EXERCISE DESCRIPTION:
Go through the listing that follows and write it out exactly. Drop the pictures.

PROVIDED RECORDS:
————
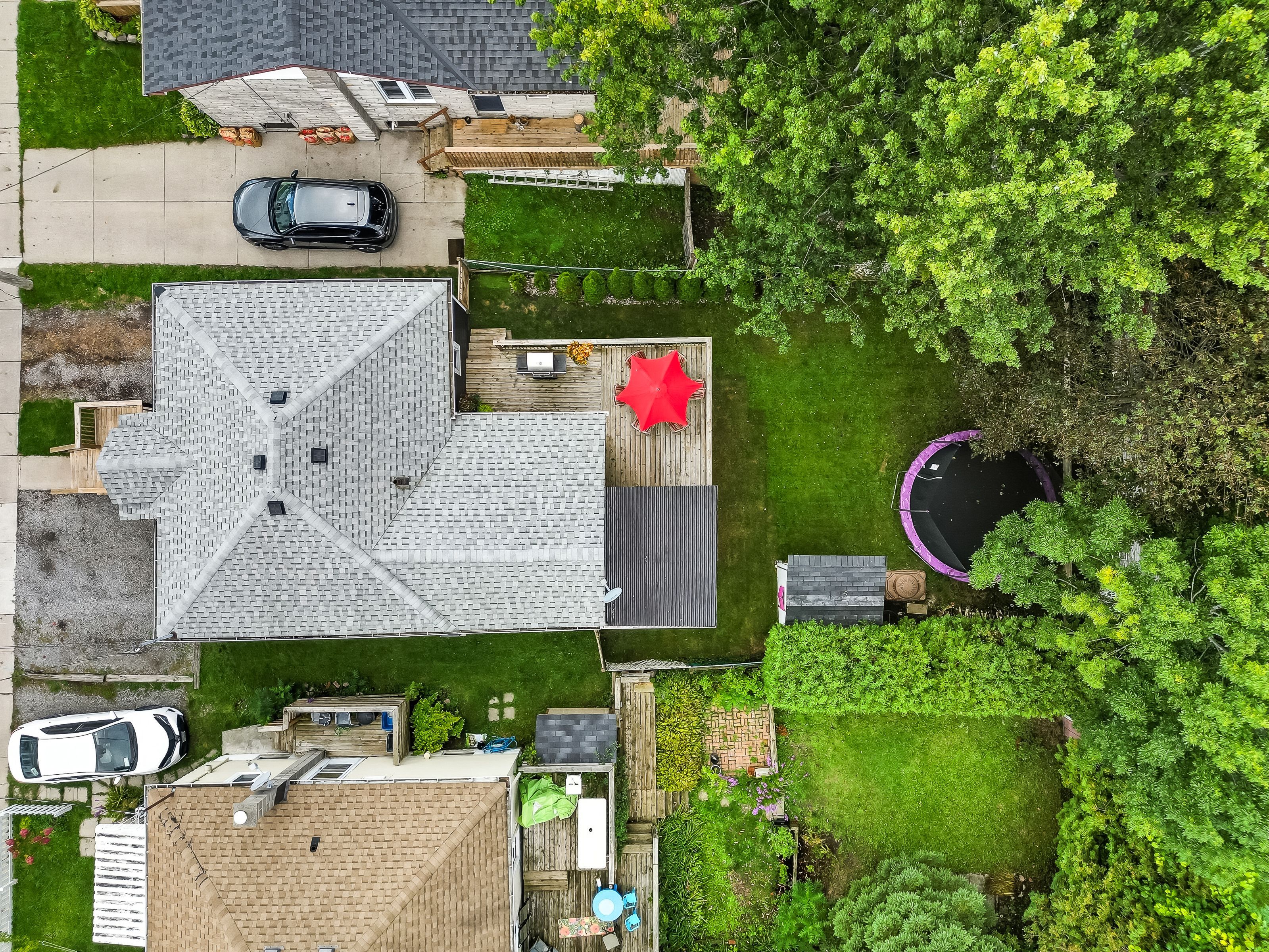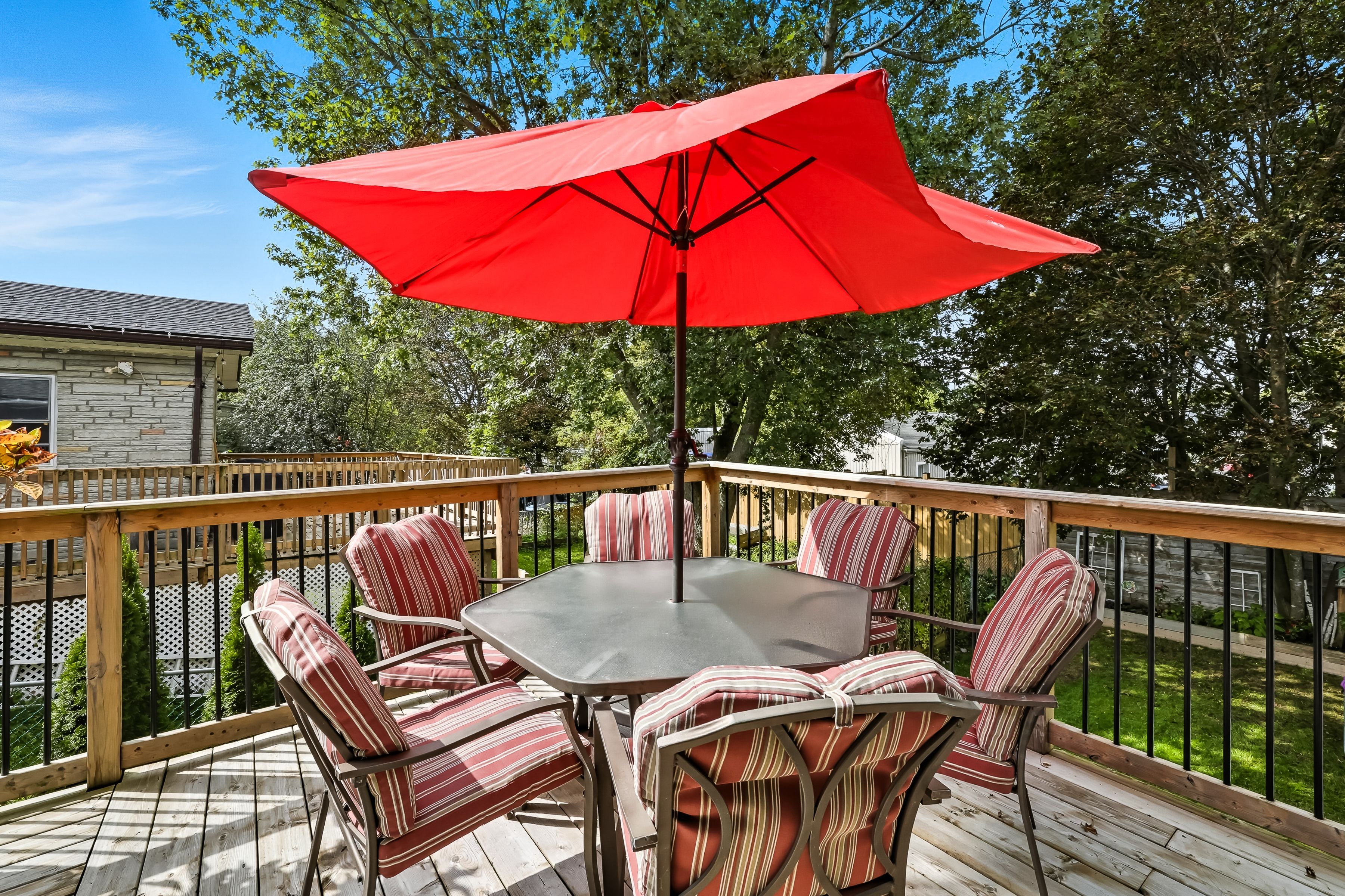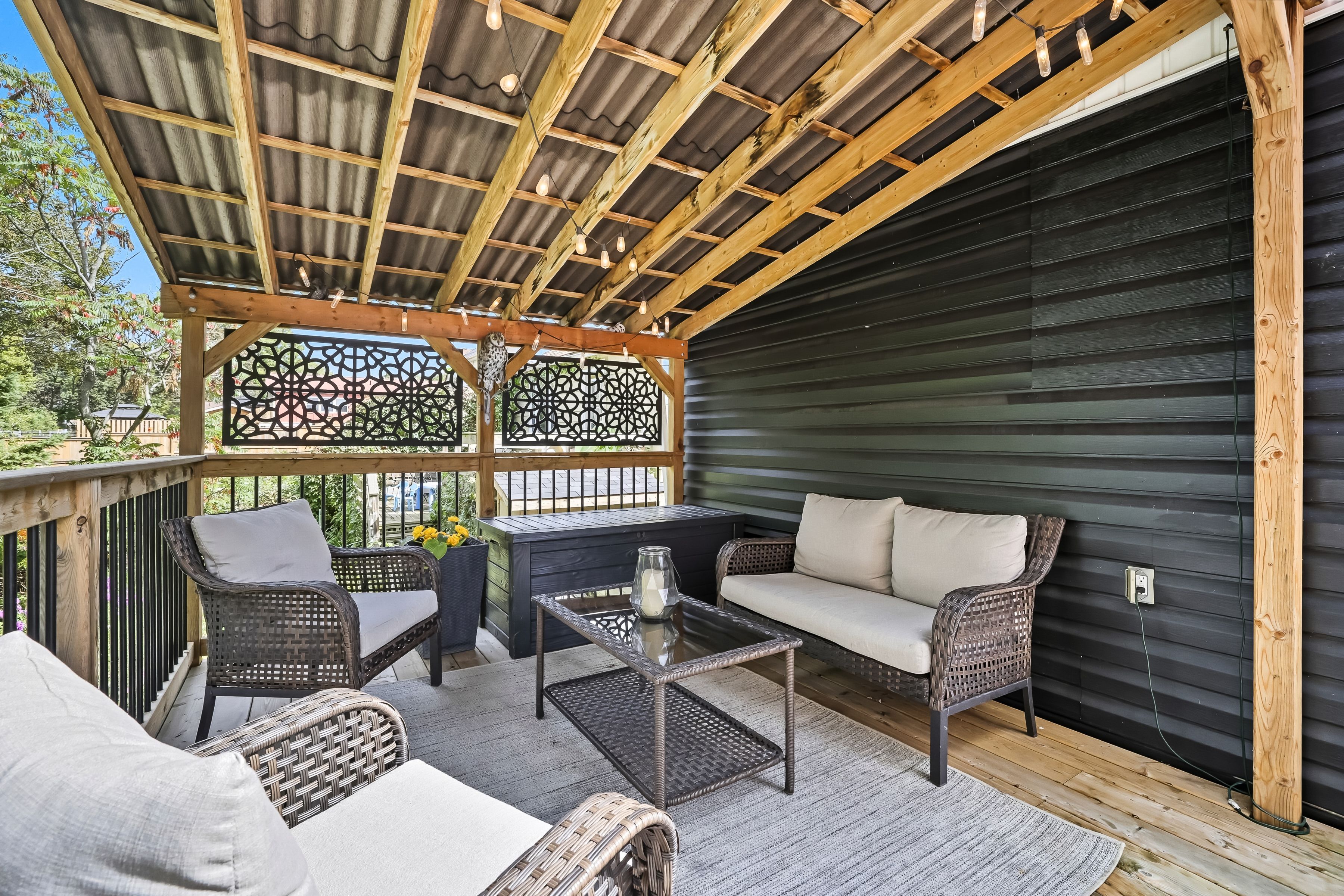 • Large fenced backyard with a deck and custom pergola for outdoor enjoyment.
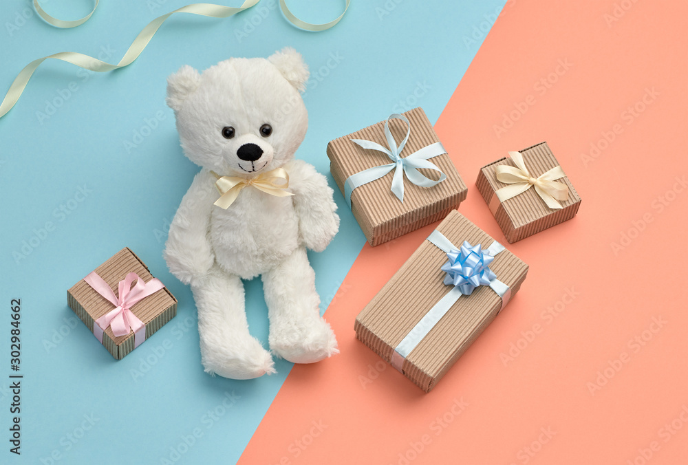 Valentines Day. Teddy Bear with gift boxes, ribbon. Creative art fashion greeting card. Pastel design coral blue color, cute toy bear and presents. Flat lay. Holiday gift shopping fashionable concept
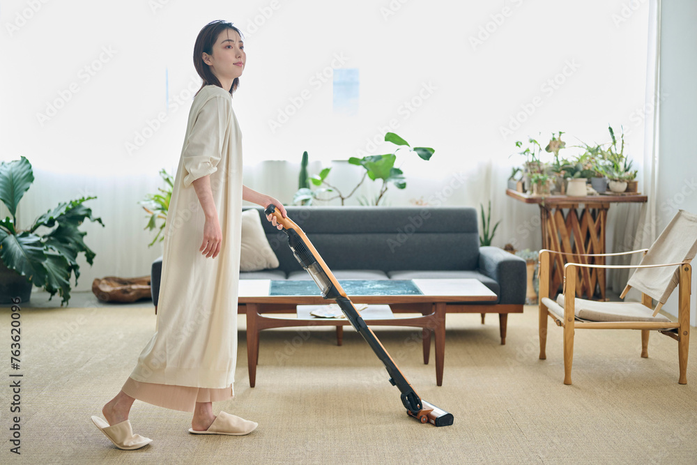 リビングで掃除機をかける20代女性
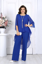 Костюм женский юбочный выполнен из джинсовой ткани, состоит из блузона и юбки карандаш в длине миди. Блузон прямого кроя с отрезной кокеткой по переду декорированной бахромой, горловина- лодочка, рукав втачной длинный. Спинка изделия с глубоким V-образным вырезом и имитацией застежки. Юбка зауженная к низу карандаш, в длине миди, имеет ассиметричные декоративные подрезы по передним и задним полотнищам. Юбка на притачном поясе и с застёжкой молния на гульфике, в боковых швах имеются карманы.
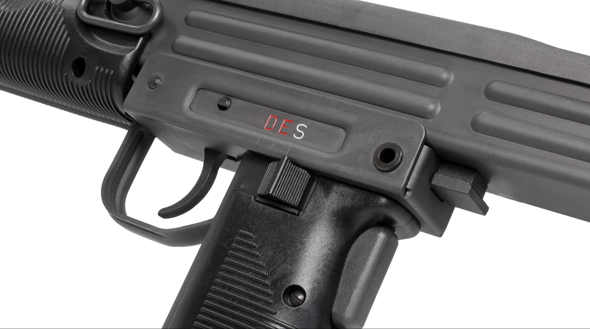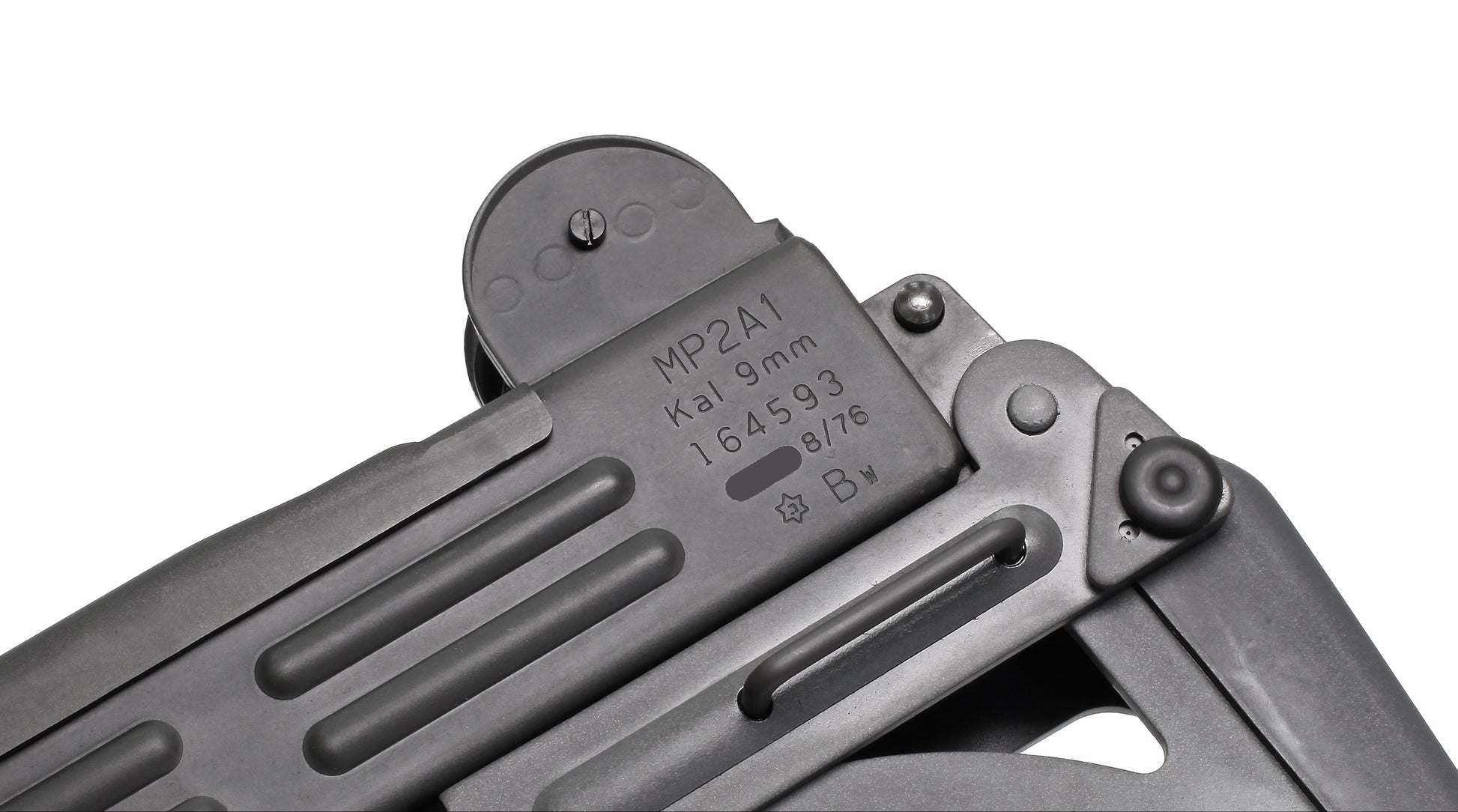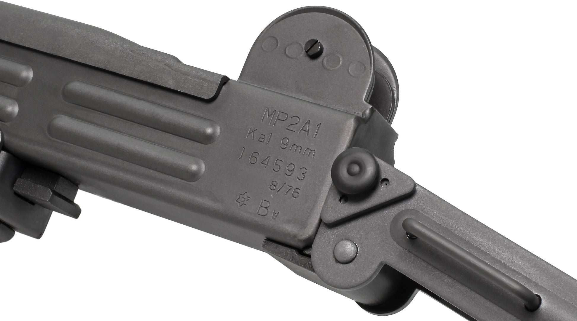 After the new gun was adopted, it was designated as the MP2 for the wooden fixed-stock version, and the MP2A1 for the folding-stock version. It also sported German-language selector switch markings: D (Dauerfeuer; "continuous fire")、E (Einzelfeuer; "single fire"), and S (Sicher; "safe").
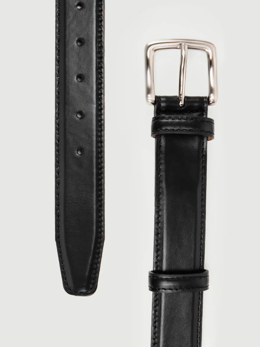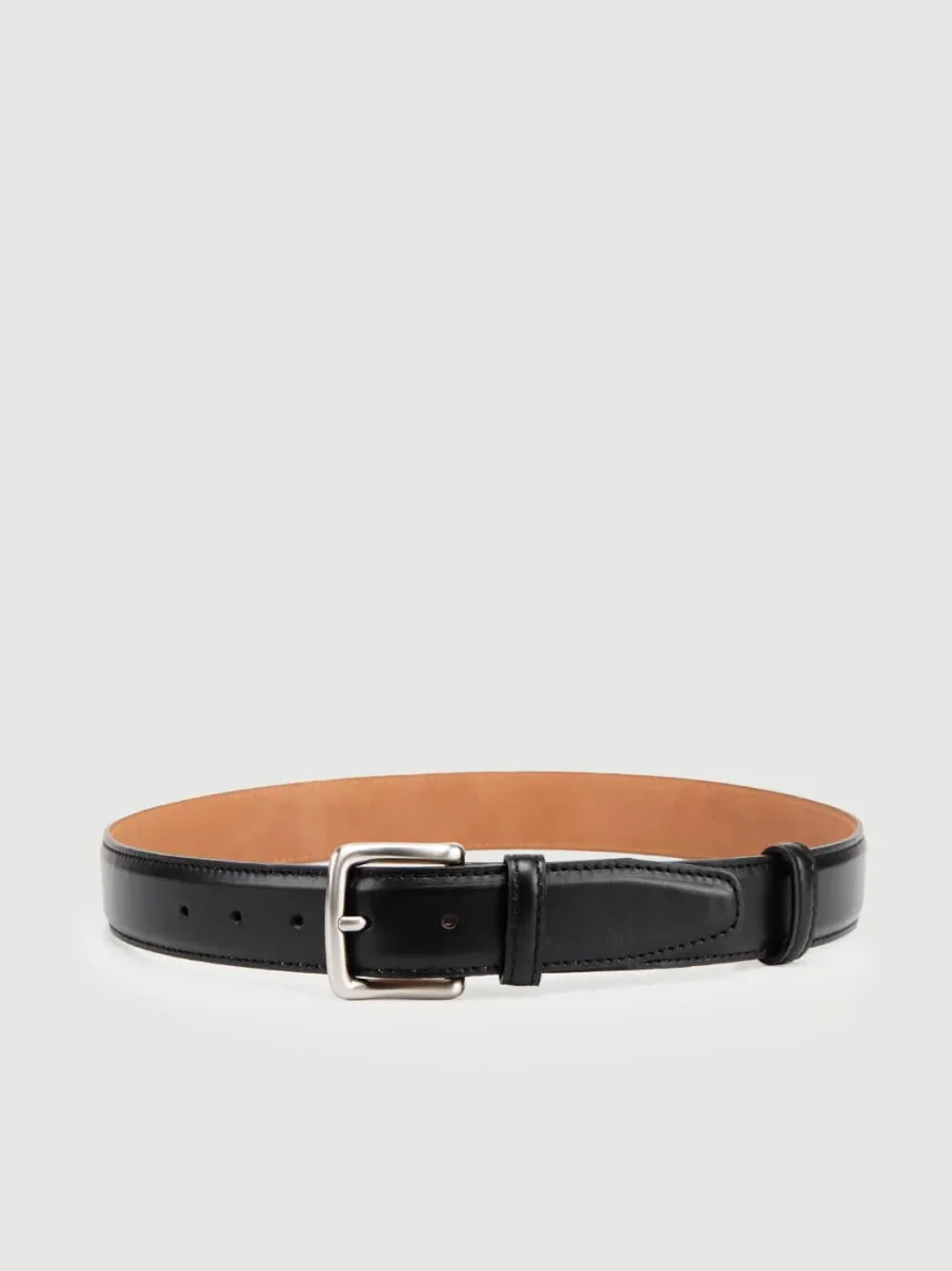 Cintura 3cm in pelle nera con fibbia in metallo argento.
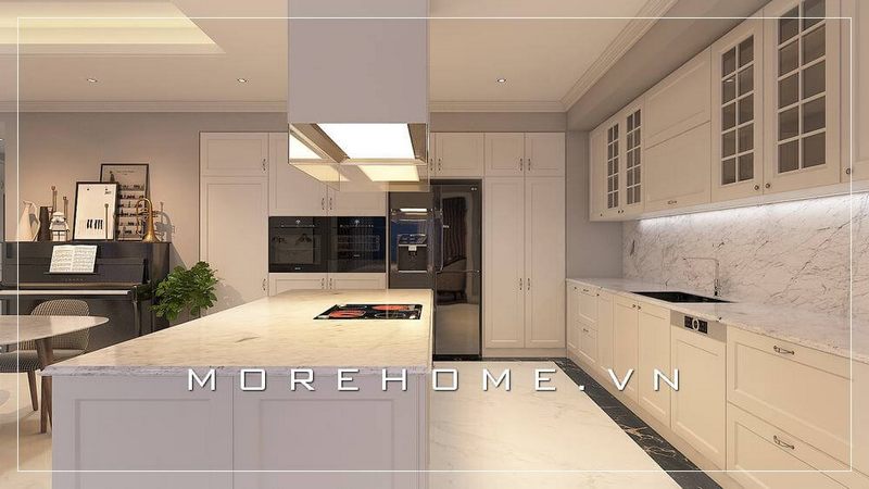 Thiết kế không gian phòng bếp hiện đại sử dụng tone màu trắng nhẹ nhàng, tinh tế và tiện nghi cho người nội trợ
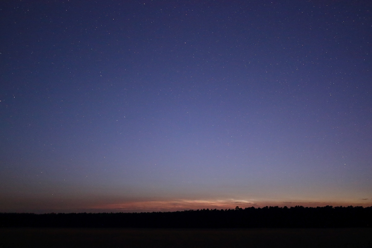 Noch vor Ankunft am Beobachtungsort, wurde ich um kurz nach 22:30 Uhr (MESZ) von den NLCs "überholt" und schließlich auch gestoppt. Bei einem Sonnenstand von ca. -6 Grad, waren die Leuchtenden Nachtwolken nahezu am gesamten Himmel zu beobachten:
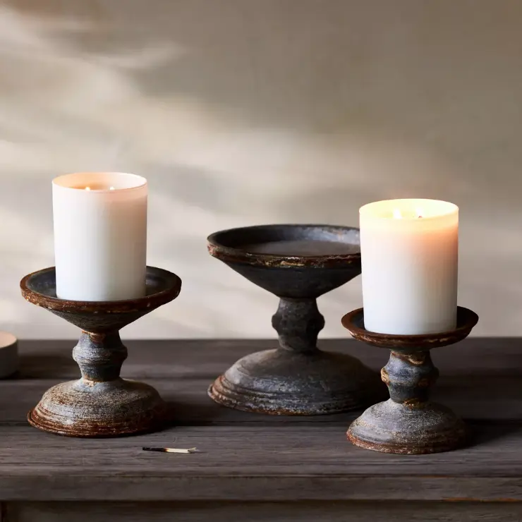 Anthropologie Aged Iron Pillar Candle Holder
————
WRITTEN ANSWER:
 • Large fenced backyard with a deck and custom pergola for outdoor enjoyment.
 Valentines Day. Teddy Bear with gift boxes, ribbon. Creative art fashion greeting card. Pastel design coral blue color, cute toy bear and presents. Flat lay. Holiday gift shopping fashionable concept
 リビングで掃除機をかける20代女性
 Костюм женский юбочный выполнен из джинсовой ткани, состоит из блузона и юбки карандаш в длине миди. Блузон прямого кроя с отрезной кокеткой по переду декорированной бахромой, горловина- лодочка, рукав втачной длинный. Спинка изделия с глубоким V-образным вырезом и имитацией застежки. Юбка зауженная к низу карандаш, в длине миди, имеет ассиметричные декоративные подрезы по передним и задним полотнищам. Юбка на притачном поясе и с застёжкой молния на гульфике, в боковых швах имеются карманы.
 After the new gun was adopted, it was designated as the MP2 for the wooden fixed-stock version, and the MP2A1 for the folding-stock version. It also sported German-language selector switch markings: D (Dauerfeuer; "continuous fire")、E (Einzelfeuer; "single fire"), and S (Sicher; "safe").
 Cintura 3cm in pelle nera con fibbia in metallo argento.
 Thiết kế không gian phòng bếp hiện đại sử dụng tone màu trắng nhẹ nhàng, tinh tế và tiện nghi cho người nội trợ
 Noch vor Ankunft am Beobachtungsort, wurde ich um kurz nach 22:30 Uhr (MESZ) von den NLCs "überholt" und schließlich auch gestoppt. Bei einem Sonnenstand von ca. -6 Grad, waren die Leuchtenden Nachtwolken nahezu am gesamten Himmel zu beobachten:
 Anthropologie Aged Iron Pillar Candle Holder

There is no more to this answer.